And there was that strain of exhibitionism, perverse and sometimes witty until it bloomed too long, and tired the observer. If Charlotte Douglas heard someone speaking English at another table she would invade the conversation, offer suggestions for touring, sights not to be missed. As there were neither any conventional “sights” in Boca Grande nor any tourists, only the occasional mineral geologist or CIA man traveling on one or another incorporeal AID mission, these encounters tended to end in obscurely sexual misunderstandings and bewilderment. After dinner she would walk back to the hotel alone, walking very deliberately, tying and retying a scarf which whipped in the hot night wind, seeming to concentrate on the scarf as if oblivious to the potholes in the sidewalk and the places where waste ran into the gutters. At the Caribe desk she would ask for her messages in a halting but flawlessly memorized Castilian Spanish which the night clerk found difficult to understand. As reported to Victor there were never any messages in any case.
5
UNTIL I LOST A FILLING AND HAD OCCASION TO SEE A dentist in Miami I never knew what la norteamericana did during the day. At least one thing she did during the day those first few weeks was this: she went to the airport. She did not go to the
airport to catch a plane, nor to meet one. She just went to the airport. She was at the counter of the airport coffee shop the morning I left for Miami, not sitting at the counter but standing behind it, holding a watch in her hand. “I certainly wouldn’t think yet,” she said to the sullen girl whose space she had arrogated, and she tapped the face of the watch with her fingernail. “Nine minutes more. See for yourself.”

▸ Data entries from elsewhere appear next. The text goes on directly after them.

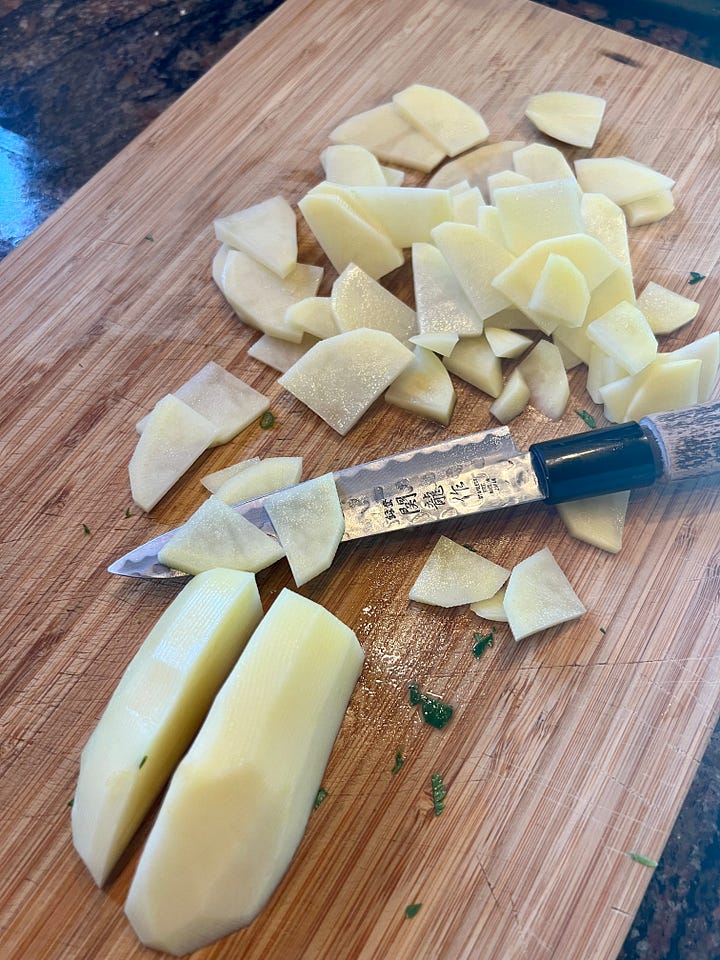 Pela la patata y la zanahoria. Trocea la patata en cuartos a lo largo y corta los cuartos en láminas finas.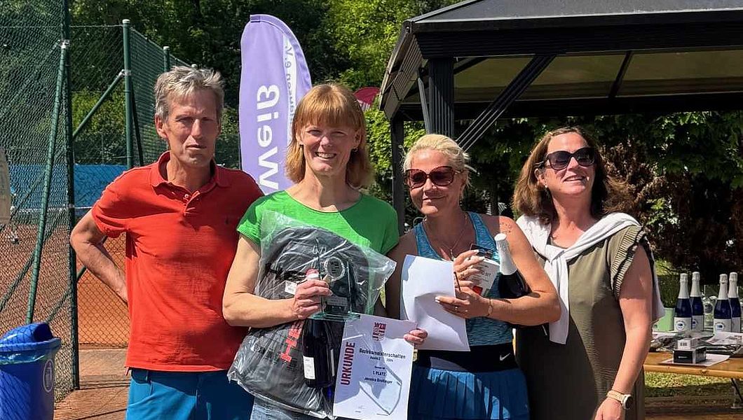 Siegerehrung Damen 40 mit Jessica Breitinger (TC BW Zuffenhausen) und Lucinde Recknagel (TEC Waldau), eingerahmt von den neuen TCBW-Vorstandsmitgliedern Eric Lüdtke und Tina Bässler.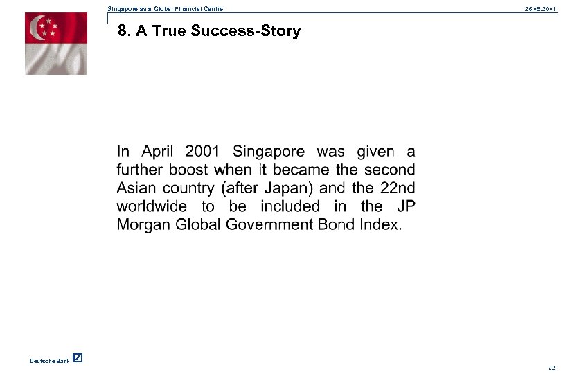 Singapore as a Global Financial Centre 26. 05. 2001 8. A True Success-Story Deutsche Bank 22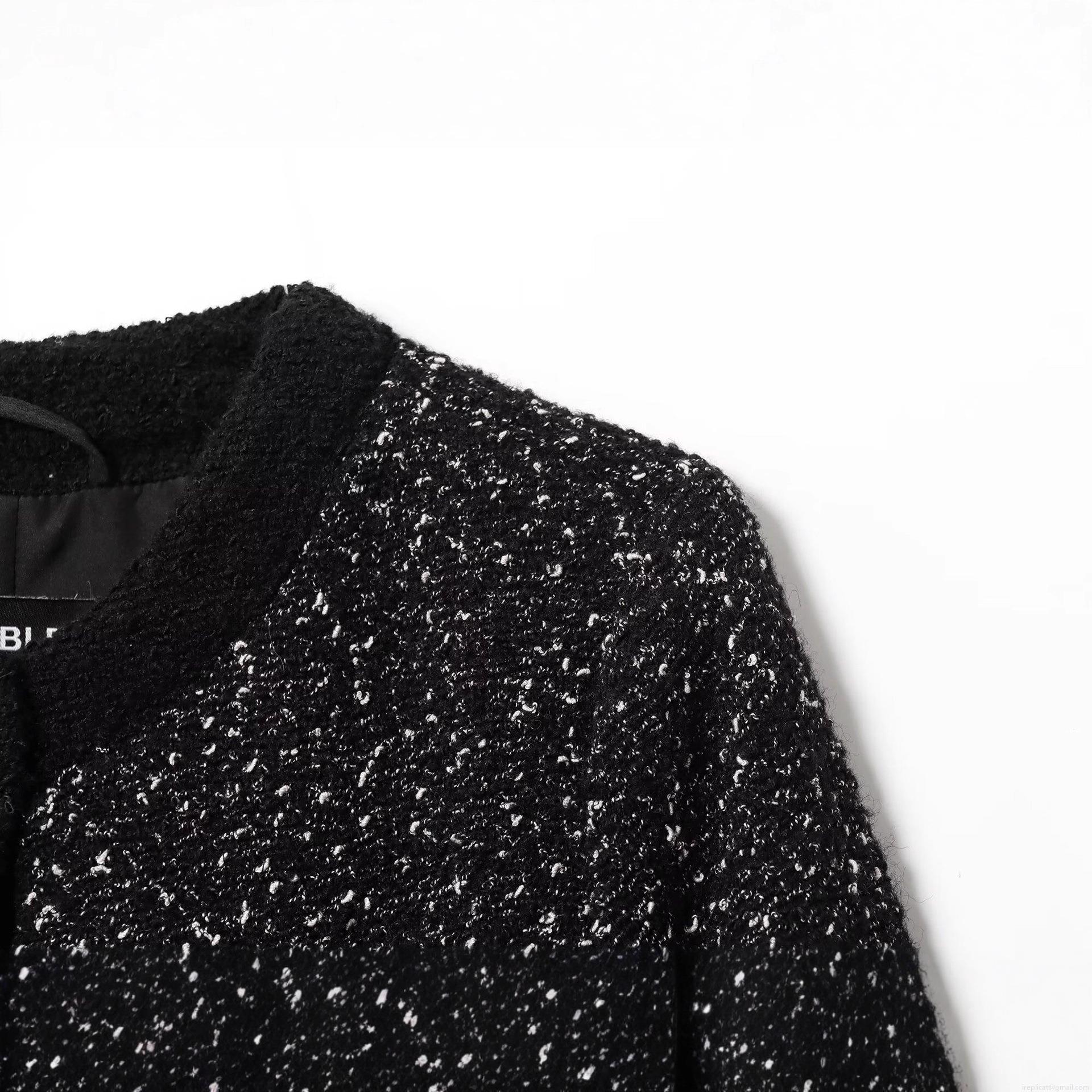 Splice, Texture, Black And White Mixed Colors, Collage, Tweed, Metal Buckle, Single-breasted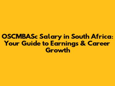 OSCMBASc Salary In South Africa: Your Guide To Earnings & Career Growth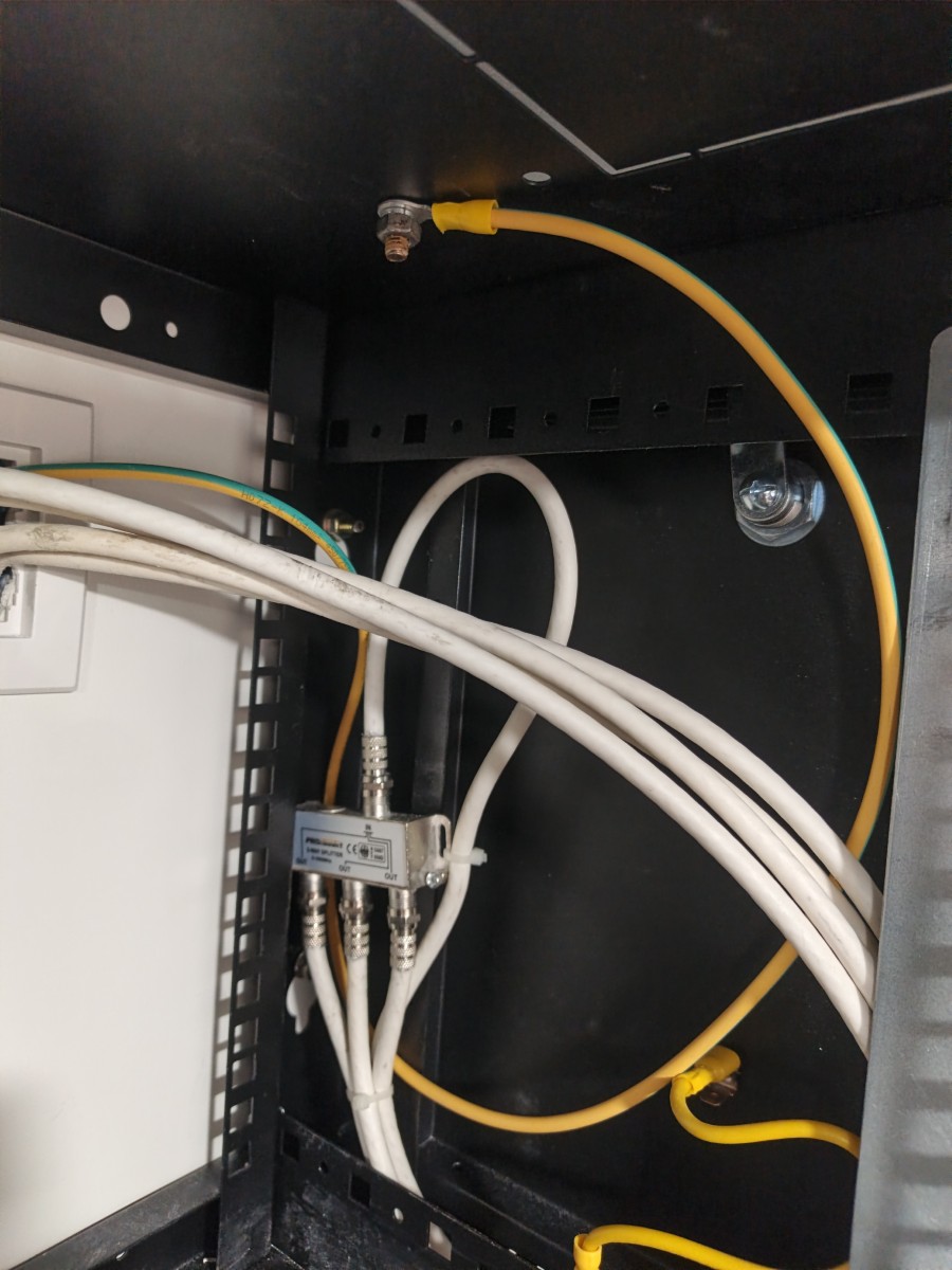 Здесь же выведены коаксиальные телевизионные кабели. Подключил их через тройник и убрал в сторонку.

The girl stared at Charlotte Douglas a moment and then, without speaking, plunged her index finger into the sugar bowl on the counter. Still gazing at Charlotte she licked the sugar from her finger. In another country she might have gone the extra step, made her point explicit, jammed her grimy finger between la norteamericana’s teeth, but the expression of proletarian resentment in Boca Grande remains largely symbolic. The guerrilleros here would have nothing to say to this girl in the airport. The guerrilleros here spend their time theorizing in the interior, and are covertly encouraged to emerge from time to time as foils to the actual politics of the country. Our notoriously frequent revolutions are made not by the guerrilleros but entirely by people we know. This is a hard point for the outsider of romantic sensibility to grasp.
“Gastrointestinal infection is the leading natural cause of death in this country,” Charlotte said after a while. She said it in English and did not look at the girl. “If you call it natural.”
The girl sucked the last grains of sugar from under her scabbed fingernail and rolled it again in the bowl.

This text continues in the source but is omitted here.